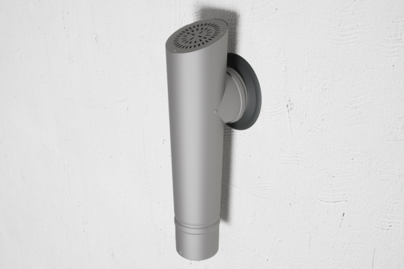 Odległość pomiędzy rurą spustową PREFA a gotową elewacją musi wynosić co najmniej 20 mm. W przypadku montażu rury kwadratowej zachować min. 45 mm odstępu pomiędzy rurą a ścianą.
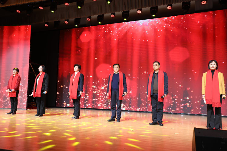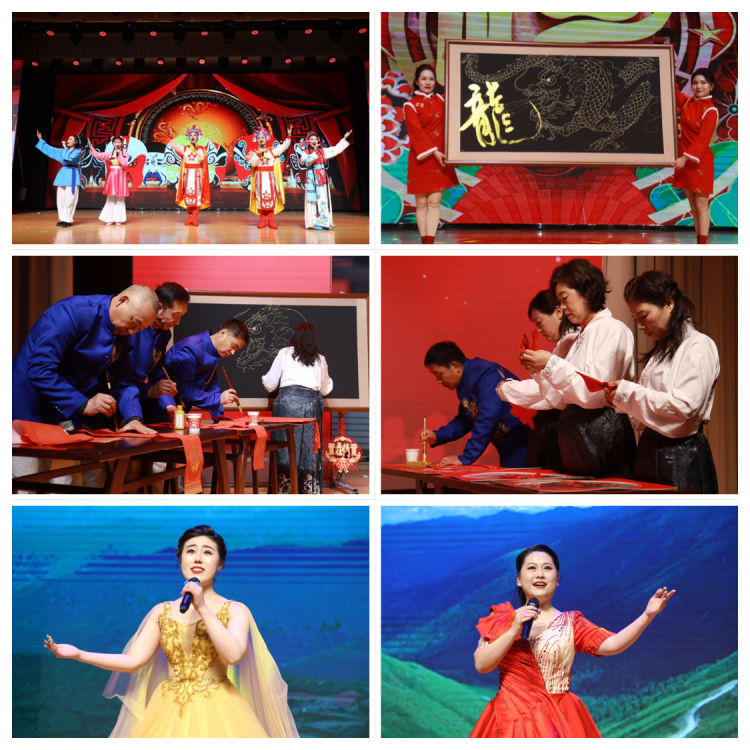 聯(lián)歡會(huì)在熱鬧的開場舞《吉祥飛舞》中開啟“啟春·揚(yáng)帆”“迎春·納福”“暢春·耕耘”三個(gè)篇章,歌曲舞蹈《大中原》《科目三》《相親相愛》《節(jié)日歡歌》、國風(fēng)走秀《華夏風(fēng)韻》、戲曲聯(lián)唱《賣水》《對花》《劉大哥講話理太偏》、情景朗誦《最美的姿態(tài)》、歌曲聯(lián)唱《滾滾長江東逝水》《枉凝眉》《天竺少女》《好漢歌》《相親相愛一家人》、才藝串燒《筆歌潑墨迎新春》等節(jié)目輪番上演,一個(gè)個(gè)精彩的節(jié)目讓觀眾掌聲不斷,一段段傾心的表演讓活力競相釋放,現(xiàn)場喝彩聲、笑聲不斷。而穿插其中的《你比劃我猜》《搶凳子》游戲和幸運(yùn)大抽獎(jiǎng)環(huán)節(jié),不僅讓聯(lián)歡會(huì)驚喜連連,也將歡樂的氣氛推向一個(gè)又一個(gè)高潮。演出結(jié)束后,與會(huì)領(lǐng)導(dǎo)與演職人員合影留念。
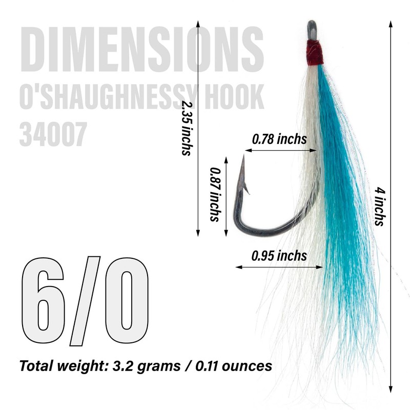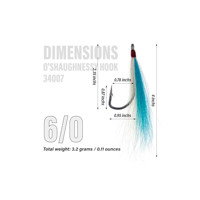 - PREMIUM CONSTRUCTION: The model 34007 O' Shaughnessy hook type stainless steel fish hook is strong and sharp, with a long-haired Bucktail with Mylar hand-tied skirt
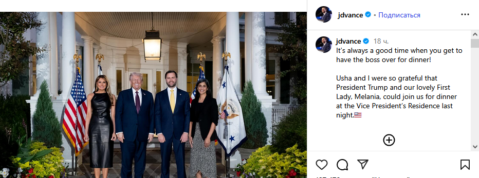 «Завжди приємно, коли бос приходить до тебе на вечерю! Уша і я були дуже вдячні, що президент Трамп і наша чарівна перша леді Меланія змогли приєднатися до нас на вечері у резиденції віцепрезидента вчора ввечері», — прокоментував Джей Ді Венс.
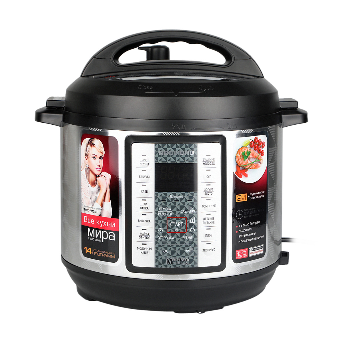Мощная бюджетная мультиварка с металлическим корпусом и чашей объемом 6 л. Модель имеет 14 режимов приготовления, функцию Мастер-шеф, защиту от перегрева и паровой клапан. Отложенный старт и отключаемый подогрев вкупе с возможностью готовки под давлением облегчает кулинарные задачи пользователя. Вес прибора — 6 кг.
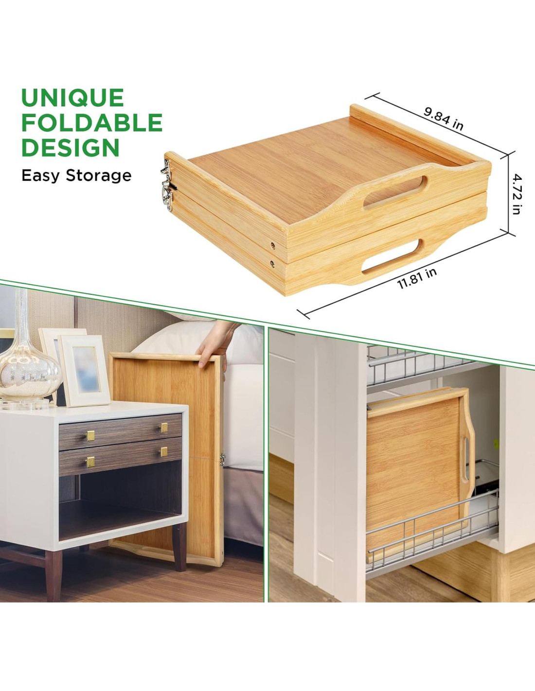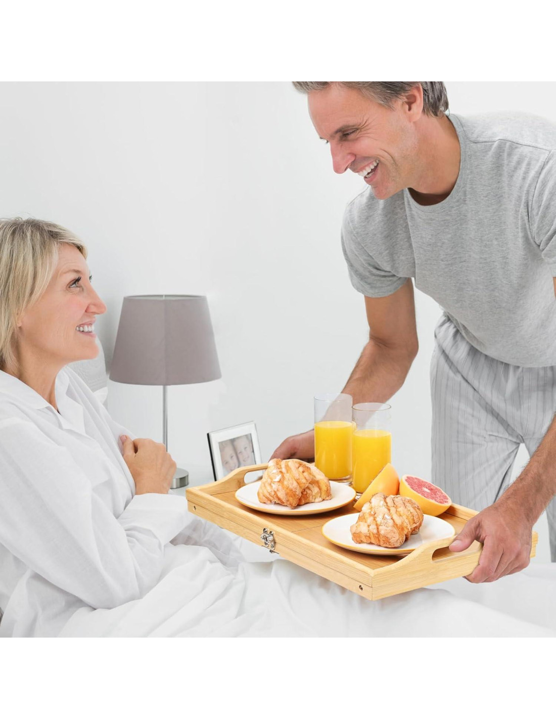 - Ahorra Espacio y Previene Derrames: Las patas plegables permiten que la bandeja se coloque plana y ahorra más espacio al almacenarla. El borde alrededor de la bandeja evita que los objetos se caigan. No te preocupes por ningún líquido derramándose de la bandeja de desayuno y manchando tu ropa.
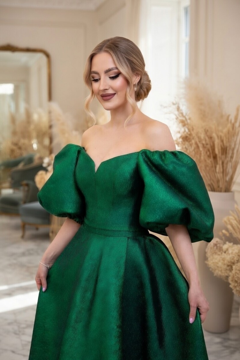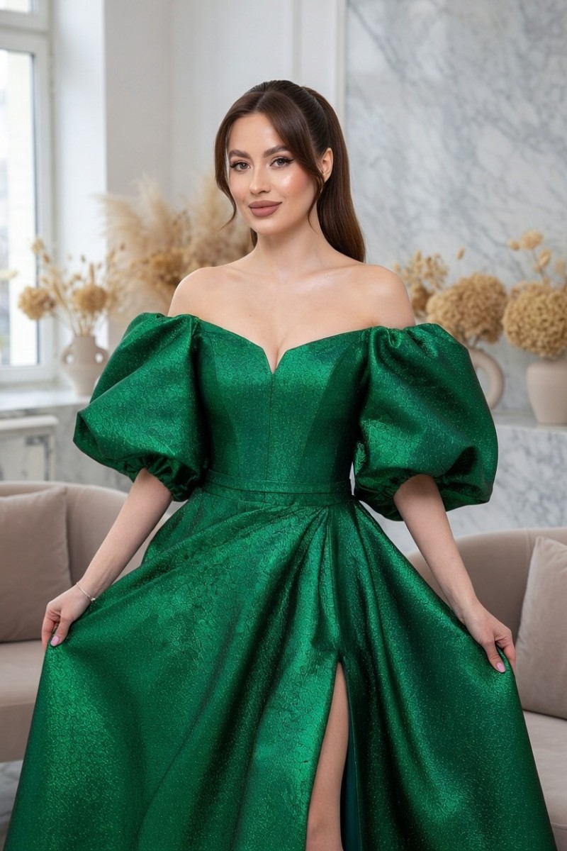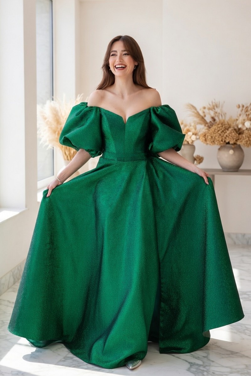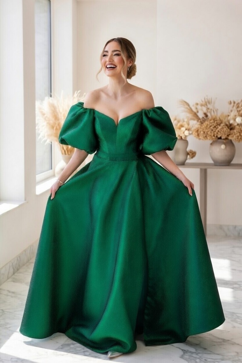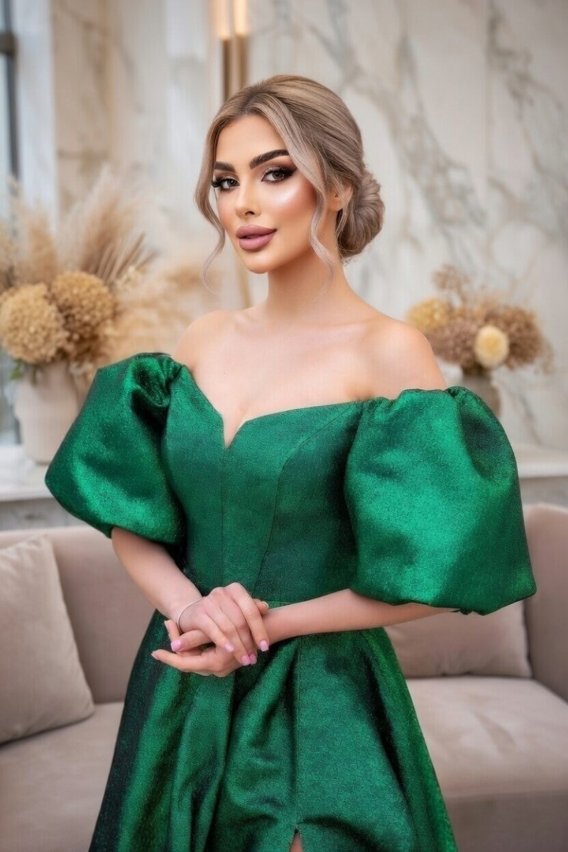 Поверните головы и зажгите комнату нашим эффектным вечерним платьем очаровательного изумрудно-зеленого цвета. Окунитесь в мир элегантности и очарования, погрузившись в этот захватывающий дух шедевр. В тот момент, когда вы украсите себя его струящимся макси-силуэтом до пола, вы почувствуете прилив уверенности и грации, как никогда раньше. А-силуэт и расклешенный силуэт легко подчеркивают вашу естественную талию, делая вашу фигуру максимально привлекательной. Короткие рукава-фонарики добавляют модной изысканности, делая вас воплощением современной женственности.
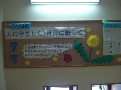 本日の学活では、学級目標の決定、学級旗の制作について各学級で取り組みました。7年の学年目標は「人にやさしく 自分に厳しく」です。自分を律し、人を思いやれる生徒に育ってほしいと想いをこめました。この学年目標を受けて、各クラスで目指すクラス像を話し合いました。それぞれのアイデアを出し合い、少しずつ形になってきました。来月の生徒総会にむけて、学級旗制作を進めたいと思います。それぞれの想いが詰まった、学級目標、学級旗となるよう気持ちを一つにして取り組んでいきたいと思います。
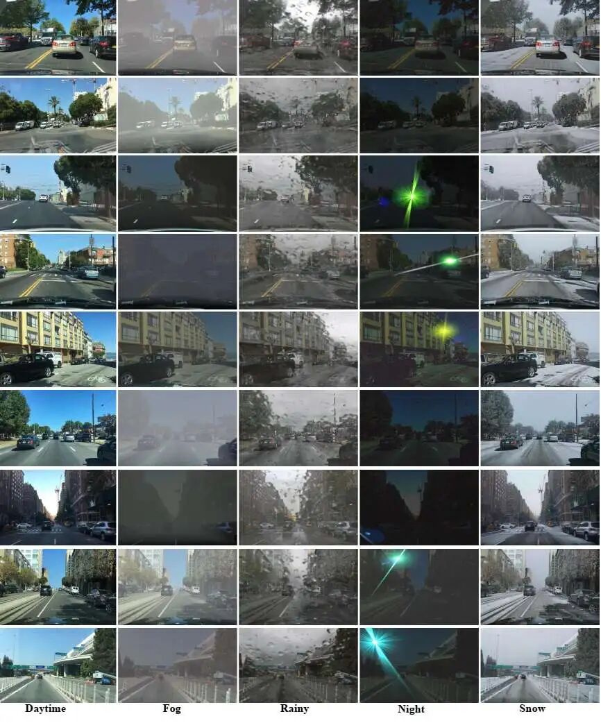 在自动驾驶等现实应用场景中,视觉感知系统常常受到多种天气退化(如雨、雾、夜间、雪)的影响。传统的单任务方法依赖特定先验知识,而 all-in-one 方法只能解决有限的退化组合同时又存在严重的领域差异,难以应对复杂的实际场景。
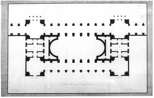 Un Campo Santo quadrato rinchiuso da portici atti a collocarvi interamente in giro memorie e monumenti d'illustri defunti. architettura: campo santo (pianta dell'ingresso)

§ §

=== WORK ITEM ===
Reproduce the data word for word, excluding its pictures.

=== SOLUTION FOR THIS PROBLEM ===
 Odległość pomiędzy rurą spustową PREFA a gotową elewacją musi wynosić co najmniej 20 mm. W przypadku montażu rury kwadratowej zachować min. 45 mm odstępu pomiędzy rurą a ścianą.
 聯(lián)歡會(huì)在熱鬧的開場舞《吉祥飛舞》中開啟“啟春·揚(yáng)帆”“迎春·納福”“暢春·耕耘”三個(gè)篇章,歌曲舞蹈《大中原》《科目三》《相親相愛》《節(jié)日歡歌》、國風(fēng)走秀《華夏風(fēng)韻》、戲曲聯(lián)唱《賣水》《對花》《劉大哥講話理太偏》、情景朗誦《最美的姿態(tài)》、歌曲聯(lián)唱《滾滾長江東逝水》《枉凝眉》《天竺少女》《好漢歌》《相親相愛一家人》、才藝串燒《筆歌潑墨迎新春》等節(jié)目輪番上演,一個(gè)個(gè)精彩的節(jié)目讓觀眾掌聲不斷,一段段傾心的表演讓活力競相釋放,現(xiàn)場喝彩聲、笑聲不斷。而穿插其中的《你比劃我猜》《搶凳子》游戲和幸運(yùn)大抽獎(jiǎng)環(huán)節(jié),不僅讓聯(lián)歡會(huì)驚喜連連,也將歡樂的氣氛推向一個(gè)又一個(gè)高潮。演出結(jié)束后,與會(huì)領(lǐng)導(dǎo)與演職人員合影留念。
 - PREMIUM CONSTRUCTION: The model 34007 O' Shaughnessy hook type stainless steel fish hook is strong and sharp, with a long-haired Bucktail with Mylar hand-tied skirt
 «Завжди приємно, коли бос приходить до тебе на вечерю! Уша і я були дуже вдячні, що президент Трамп і наша чарівна перша леді Меланія змогли приєднатися до нас на вечері у резиденції віцепрезидента вчора ввечері», — прокоментував Джей Ді Венс.
Мощная бюджетная мультиварка с металлическим корпусом и чашей объемом 6 л. Модель имеет 14 режимов приготовления, функцию Мастер-шеф, защиту от перегрева и паровой клапан. Отложенный старт и отключаемый подогрев вкупе с возможностью готовки под давлением облегчает кулинарные задачи пользователя. Вес прибора — 6 кг.
 - Ahorra Espacio y Previene Derrames: Las patas plegables permiten que la bandeja se coloque plana y ahorra más espacio al almacenarla. El borde alrededor de la bandeja evita que los objetos se caigan. No te preocupes por ningún líquido derramándose de la bandeja de desayuno y manchando tu ropa.
 Поверните головы и зажгите комнату нашим эффектным вечерним платьем очаровательного изумрудно-зеленого цвета. Окунитесь в мир элегантности и очарования, погрузившись в этот захватывающий дух шедевр. В тот момент, когда вы украсите себя его струящимся макси-силуэтом до пола, вы почувствуете прилив уверенности и грации, как никогда раньше. А-силуэт и расклешенный силуэт легко подчеркивают вашу естественную талию, делая вашу фигуру максимально привлекательной. Короткие рукава-фонарики добавляют модной изысканности, делая вас воплощением современной женственности.
 本日の学活では、学級目標の決定、学級旗の制作について各学級で取り組みました。7年の学年目標は「人にやさしく 自分に厳しく」です。自分を律し、人を思いやれる生徒に育ってほしいと想いをこめました。この学年目標を受けて、各クラスで目指すクラス像を話し合いました。それぞれのアイデアを出し合い、少しずつ形になってきました。来月の生徒総会にむけて、学級旗制作を進めたいと思います。それぞれの想いが詰まった、学級目標、学級旗となるよう気持ちを一つにして取り組んでいきたいと思います。
 在自动驾驶等现实应用场景中,视觉感知系统常常受到多种天气退化(如雨、雾、夜间、雪)的影响。传统的单任务方法依赖特定先验知识,而 all-in-one 方法只能解决有限的退化组合同时又存在严重的领域差异,难以应对复杂的实际场景。
 Un Campo Santo quadrato rinchiuso da portici atti a collocarvi interamente in giro memorie e monumenti d'illustri defunti. architettura: campo santo (pianta dell'ingresso)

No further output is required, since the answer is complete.